Reputation: 11
I have a data frame where column "ID" has values like these: 1234567_GSM00298873 1238416_GSM90473673 98377829
In other words, some rows have 7 numbers followed by "_" followed by letters and numbers; other rows have just numbers
I want to remove the numbers and the underscore preceding the letters, without affecting the rows that have only number. I tried
dataframe$ID <- gsub("*_", "", dataframe$ID)
but that only removes the underscore. So I learned that * means zero or more. Is there a wildcard, and a repetition operator such that I can tell it to find the pattern "anything-seven-times-followed-by-_"? Thanks!
Upvotes: 0
Views: 3699
Reputation: 70722
Your regular expression syntax is incorrect. You have nothing preceding your repetition operator.

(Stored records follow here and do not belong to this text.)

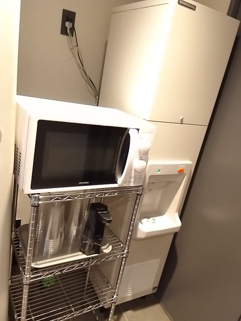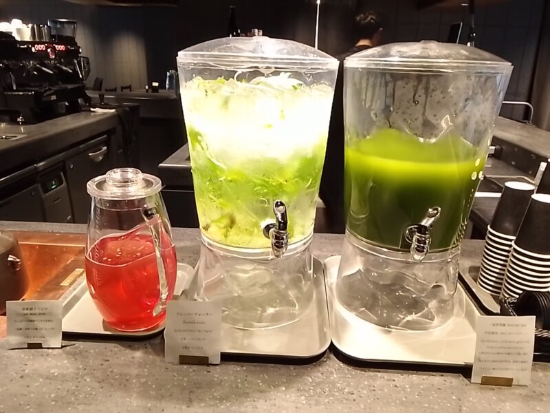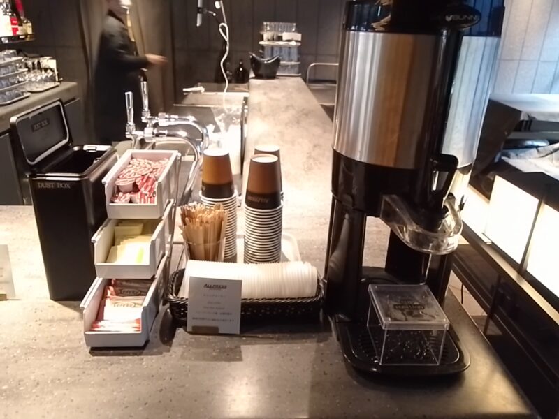 宿泊者限定でドリンク類をフリーで頂けるスペースになっています
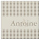 Checkered Check Pattern Print with single letter monogram and name, great for boys room decor at a kid's room with a fresh, preppy or nautical feel. Khaki sand brown beige monogrammed fabric for many uses. Large scale pattern. Khaki sand beige tan and mushroom color neutral tone on tone check gingham pattern.
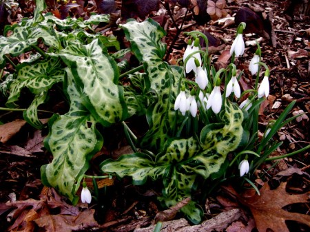 » Galanthus ‘Atkinsii’ & Arum italicum ‘Pictum’
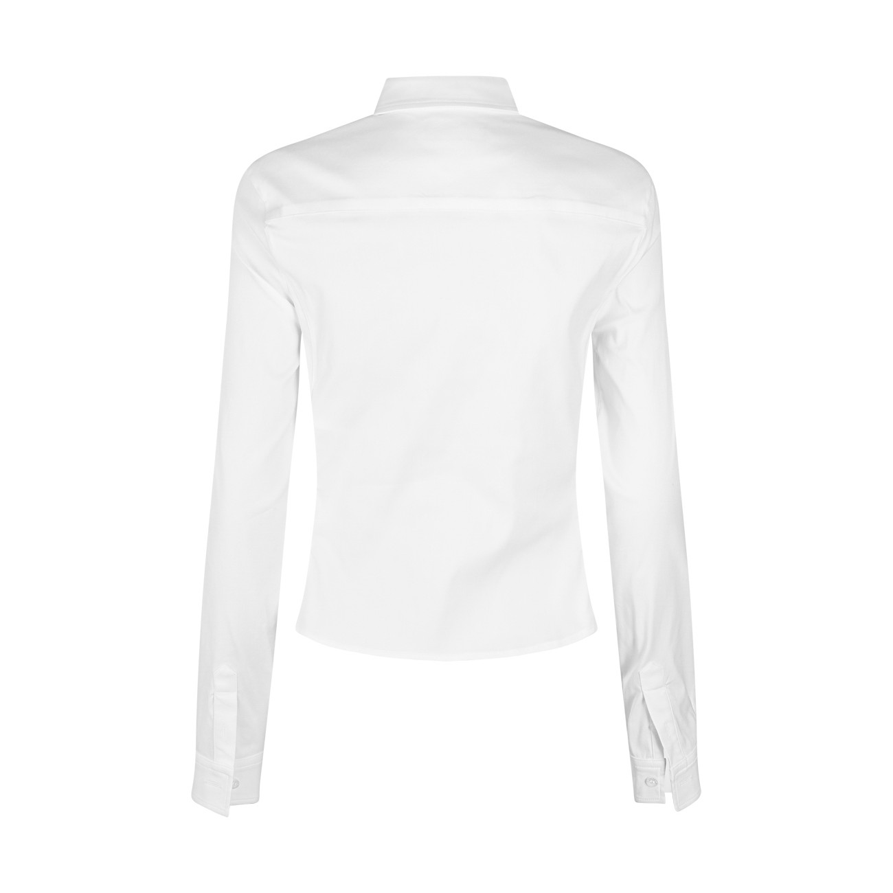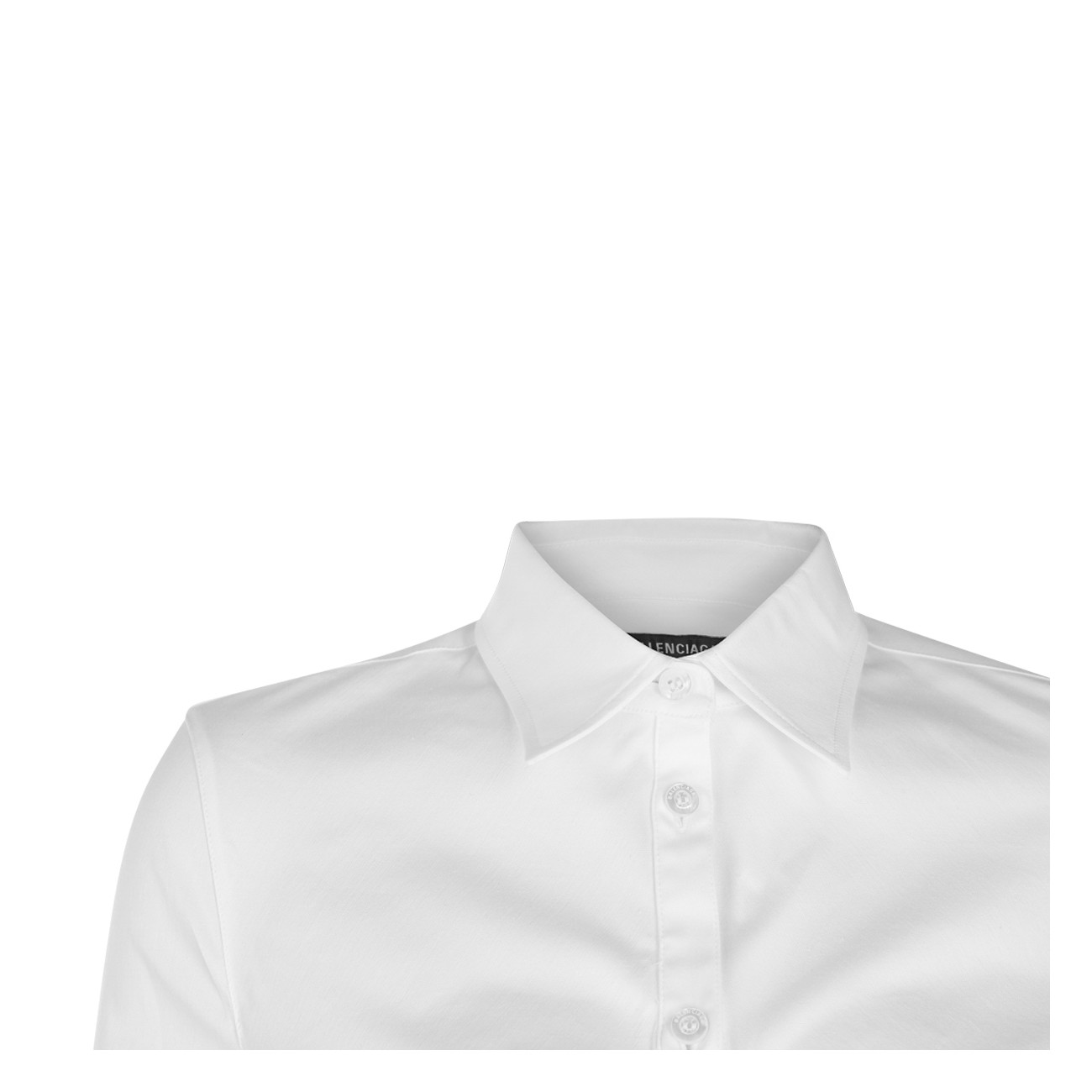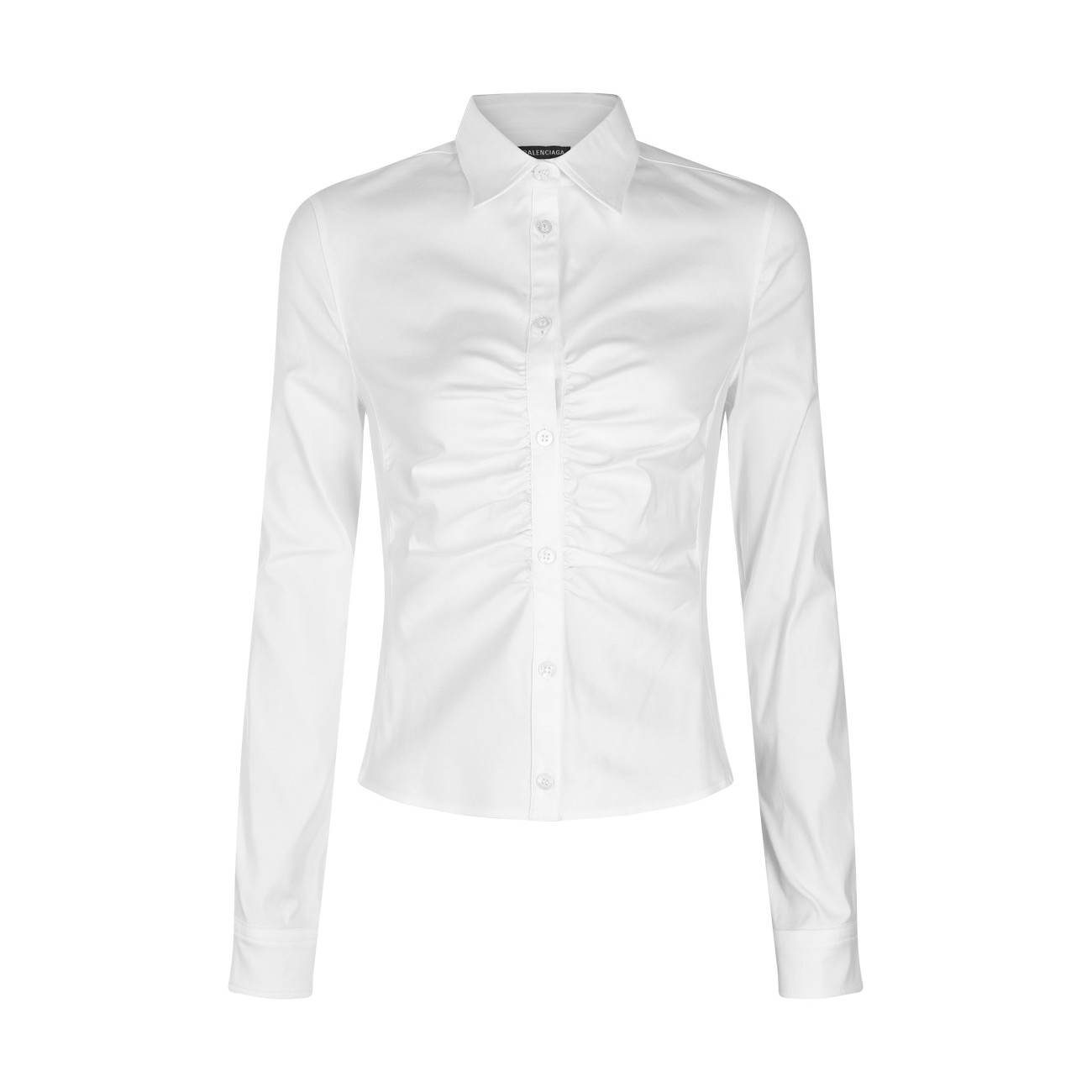White cotton shirt from Balenciaga featuring shirt collar, long sleeves, buttons fastening, frontal rouches detail and regular vestibility.

dataframe$ID <- gsub('[0-9]+_', '', dataframe$ID)
This matches any character of: 0
to 9
( 1
or more times ) that is preceded by an underscore.
Upvotes: 1
Reputation: 7654
A different method. If a string has an underscore, return from the underscore to the end of the string; if not, return the string.
ID <- c("1234567_GSM00298873", "1238416_GSM90473673", "98377829")
ifelse(grepl("_", ID), substr(x = ID, 9, nchar(ID)), ID)
Upvotes: 0
Reputation: 11942
The link http://marvin.cs.uidaho.edu/Handouts/regex.html could helps you.
"[0-9]*_"
will match numbers followed by '_'"[0-9]{7}_"
will match 7 numbers followed by '_'".{7}_"
will match 7 characters followed by '_'Upvotes: 0
Reputation: 89547
Something like this?:
dataframe$ID <- gsub("[0-9]+_", "", dataframe$ID)
Upvotes: 0